In our first look at the ideal gas we considered only the translational energy of the particles. But molecules can rotate, with kinetic energy. The rotation motion is quantized; and the energy levels of a diatomic molecule are of the form

$\begin{aligned}\epsilon(j) = j(j + 1) \epsilon_0\end{aligned} \hspace{\stretch{1}}(1.0.1)$

where $j$ is any positive integer including zero: $j = 0, 1, 2, \cdots$ . The multiplicity of each rotation level is $g(j) = 2 j + 1$ .

a

Find the partition function $Z_R(\tau)$ for the rotational states of one molecule. Remember that $Z$ is a sum over all states, not over all levels — this makes a difference.

b

Evaluate $Z_R(\tau)$ approximately for $\tau \gg \epsilon_0$ , by converting the sum to an integral.

c

Do the same for $\tau \ll \epsilon_0$ , by truncating the sum after the second term.

d

Give expressions for the energy $U$ and the heat capacity $C$ , as functions of $\tau$ , in both limits. Observe that the rotational contribution to the heat capacity of a diatomic molecule approaches 1 (or, in conventional units, $k_{\mathrm{B}}$ ) when $\tau \gg \epsilon_0$ .

e

Sketch the behavior of $U(\tau)$ and $C(\tau)$ , showing the limiting behaviors for $\tau \rightarrow \infty$ and $\tau \rightarrow 0$ .

Answer

a. Partition function $Z_R(\tau)$

To understand the reference to multiplicity recall (section 4.13 [1]) that the rotational Hamiltonian was of the form

$\begin{aligned}H = \frac{\mathbf{L}^2}{2 M r^2},\end{aligned} \hspace{\stretch{1}}(1.0.2)$

where the $\mathbf{L}^2$ eigenvectors satisfied

\begin{subequations}

$\begin{aligned}\mathbf{L}^2 {\left\lvert {l m} \right\rangle} = l (l + 1) \hbar^2 {\left\lvert {l m} \right\rangle}\end{aligned} \hspace{\stretch{1}}(1.0.3a)$

$\begin{aligned}L_z {\left\lvert {l m} \right\rangle} = m \hbar {\left\lvert {l m} \right\rangle}\end{aligned} \hspace{\stretch{1}}(1.0.3b)$

\end{subequations}

and $-l \le m \le l$ , where $l \ge 0$ is a positive integer. We see that $\epsilon_0$ is of the form

$\begin{aligned}\epsilon_0 = \frac{\hbar^2}{2 M R_l(r)},\end{aligned} \hspace{\stretch{1}}(1.0.4)$

and our partition function is

$\begin{aligned}Z_R(\tau) = \sum_{l = 0}^\infty \sum_{m = -l}^l e^{-l (l + 1)\epsilon_0/\tau}= \sum_{l = 0}^\infty (2 l + 1) e^{-l (l + 1)\epsilon_0/\tau}.\end{aligned} \hspace{\stretch{1}}(1.0.5)$

We have no dependence on $m$ in the sum, and just have to sum terms like fig 1, and are able to sum over $m$ trivially, which is where the multiplicity comes from.

Fig 1: Summation over m

To get a feel for how many terms are significant in these sums, we refer to the plot of fig 2. We plot the partition function itself in, truncation at $l = 30$ terms in fig 3.

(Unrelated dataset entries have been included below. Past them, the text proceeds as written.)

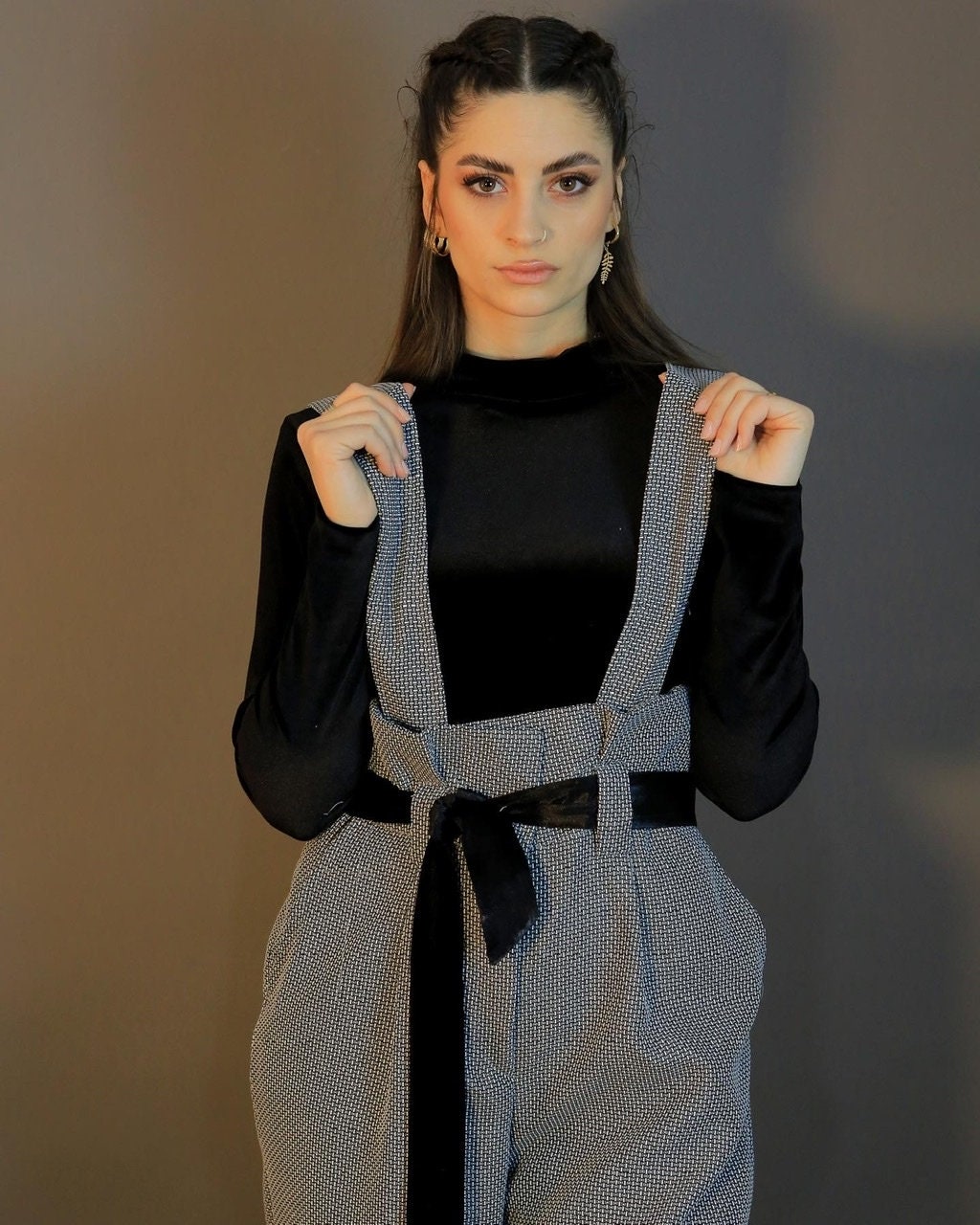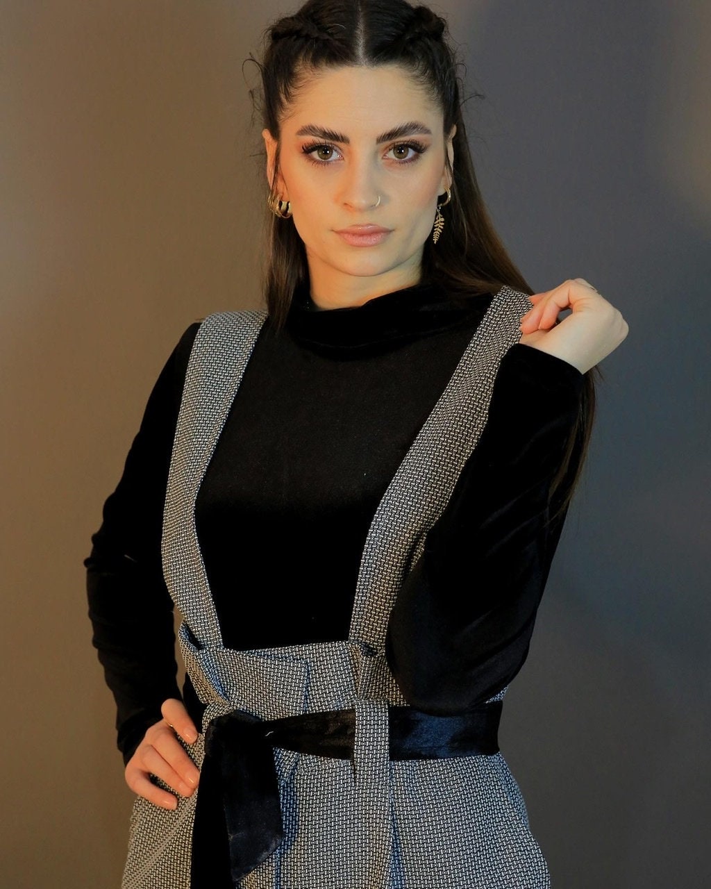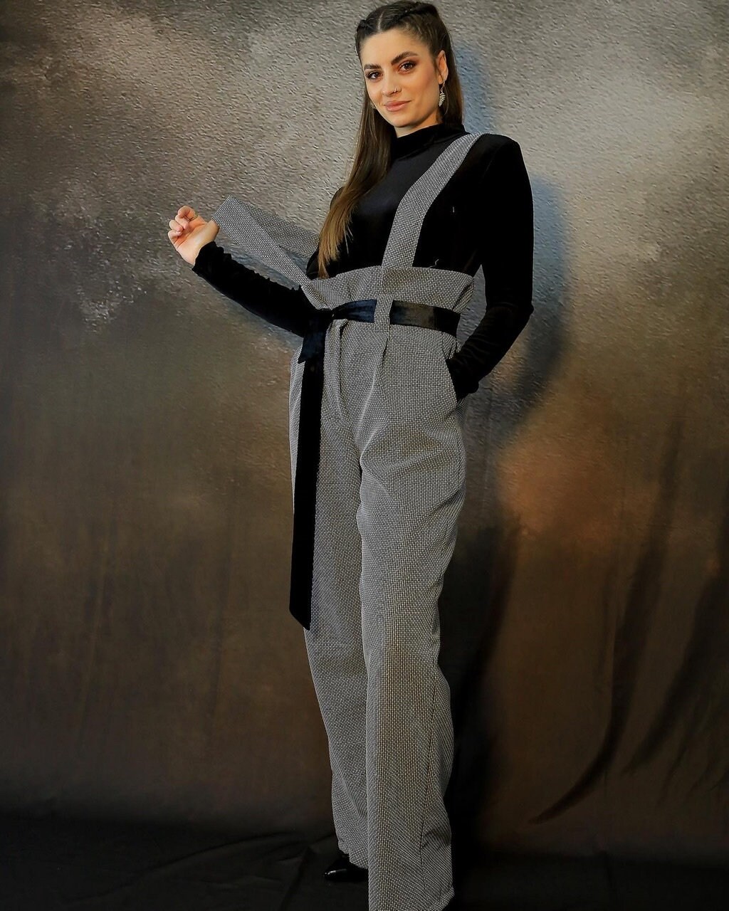 Autumn Jumpsuit in a beautiful grey fabric and black velvet top
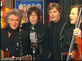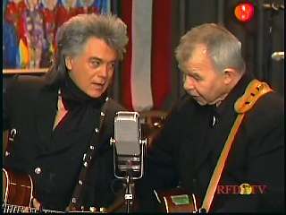 Marty said, "Put it there, Mr. Prine. I wouldn't take nothin' for that. Thank you." Eddie Stubbs said, "Great job there from John Prine and Marty Stuart together on one called 'Souvenirs'." Eddie then promoted Marty's photo book, Country Music: The Masters. After a commercial break, Marty said, "Welcome back, everybody. This next song goes out to everybody in Frog Level, Mississippi. The Sultan of Goodlettsville, the most popular man in country music, the ole Tennessee Slicker. Ladies and gentlemen, how 'bout a hand for Mr. Leroy Troy. Hey Troy boy. Hey. There he is. You know Jason, Connie, John, Dave." Marty: "What's on your mind, Goodlettsville man?" Leroy: "Well, I'll tell you know what, man. We've had three......" Marty: "Three." Leroy: 'Maple trees cut down and we lose one every year. Somethin' has gotten into them things, other than an ax or a chain saw. " Marty: "Probably them guys with the power lines." Leroy: "Well, yeah, one was. Yeah, they're dyin'. But anyhow ..... ." Marty: "How's your pine tree doin'?" Leroy: "It's gone, too." Marty: "On my ......" Leroy: "One rotted away and the other one had to be cut. That's another story. Here's one, 'They Cut Down The Old Pine Tree'. You're A Paul."
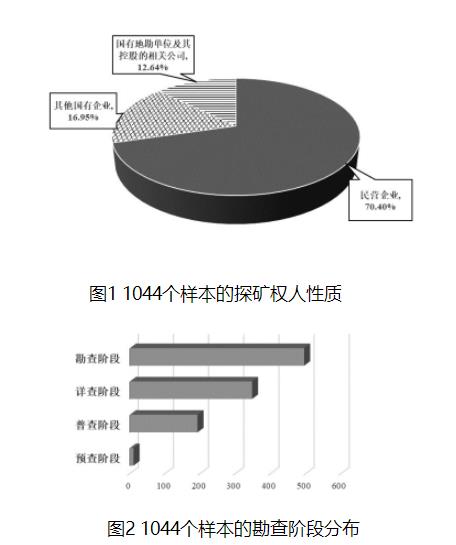抽樣統計的1044個探礦權中,有735個為民營企業(包括民營企業控股的混合企業)持有,占比70.4%;國有地勘單位及其控股的相關公司持有132個;其他國有企業(包含國有控股混合企業)持有177個(見圖1)。這反映出,目前我國大部分探礦權歸屬民營企業。這些民企絕大多數以自然人名義投資,大部分企業規模不大,注冊資本幾十萬元到幾百萬元。投資勘查找礦的民企類型也呈多樣化,樣本中有房地產公司、文化傳媒公司、農業公司、貿易公司、科技公司等,反映出我國礦業仍有很大的投資吸引力,同時也反映出我國礦產勘查並非由專業勘查公司來開展,並缺少西方國家通過證券市場或投資基金來融資的渠道,礦產勘查投資市場體係尚不完善。

Fig 2: Plotting the partition function summand

Fig 3: Z_R(tau) truncated after 30 terms in log plot

b. Evaluate partition function for large temperatures

If $\tau \gg \epsilon_0$ , so that $\epsilon_0/\tau \ll 1$ , all our exponentials are close to unity. Employing an integral approximation of the partition function, we can somewhat miraculously integrate this directly

$\begin{aligned}Z_R(\tau) &\approx \int_0^\infty dl (2 l + 1) e^{-l(l+1)\epsilon_0/\tau} \\ &= \int_0^\infty dl \frac{d}{dl} \left( -\frac{\tau}{\epsilon_0} e^{-l(l+1)\epsilon_0/\tau} \right) \\ &= \frac{\tau}{\epsilon_0}\end{aligned} \hspace{\stretch{1}}(1.0.6)$

c. Evaluate partition function for small temperatures

When $\tau \ll \epsilon_0$ , so that $\epsilon_0/\tau \gg 1$ , all our exponentials are increasingly close to zero as $l$ increases. Dropping all the second and higher order terms we have

$\begin{aligned}Z_R(\tau) \approx 1 + 3 e^{-2 \epsilon_0/\tau}\end{aligned} \hspace{\stretch{1}}(1.0.7)$

d. Energy and heat capacity

In the large $\epsilon_0/\tau$ domain (small temperatures) we have

$\begin{aligned}U &= \tau^2 \frac{\partial {}}{\partial {\tau}} \ln Z \\ &= \tau^2 \frac{\partial {}}{\partial {\tau}} \ln \left( 1 + 3 e^{-2 \epsilon_0/\tau} \right) \\ &= \tau^2 \frac{3 (-2\epsilon_0)(-1/\tau^2)}{1 + 3 e^{-2 \epsilon_0/\tau}} \\ &= \frac{6 \epsilon_0}{1 + 3 e^{-2 \epsilon_0/\tau}} \\ &\approx 6 \epsilon_0.\end{aligned} \hspace{\stretch{1}}(1.0.8)$

The specific heat in this domain is

$\begin{aligned}C_{\mathrm{V}} = \frac{\partial {U}}{\partial {\tau}}=\left( \frac{6 \epsilon_0/\tau}{1 + 3 e^{-2 \epsilon_0/\tau}} \right)^2\approx \left( \frac{6 \epsilon_0}{\tau} \right)^2\end{aligned} \hspace{\stretch{1}}(1.0.9)$

For the small $\epsilon_0/\tau$ (large temperatures) case we have

$\begin{aligned}U = \tau^2 \frac{\partial {}}{\partial {\tau}} \ln Z= \tau^2 \frac{\partial {}}{\partial {\tau}} \ln \frac{\tau}{\epsilon_0}= \tau^2 \frac{1}{{\tau}}= \tau\end{aligned} \hspace{\stretch{1}}(1.0.10)$

The heat capacity in this large temperature region is

$\begin{aligned}C_{\mathrm{V}} = \frac{\partial {U}}{\partial {\tau}} = 1,\end{aligned} \hspace{\stretch{1}}(1.0.11)$

which is unity as described in the problem.

e. Sketch

The energy and heat capacities are roughly sketched in fig 4.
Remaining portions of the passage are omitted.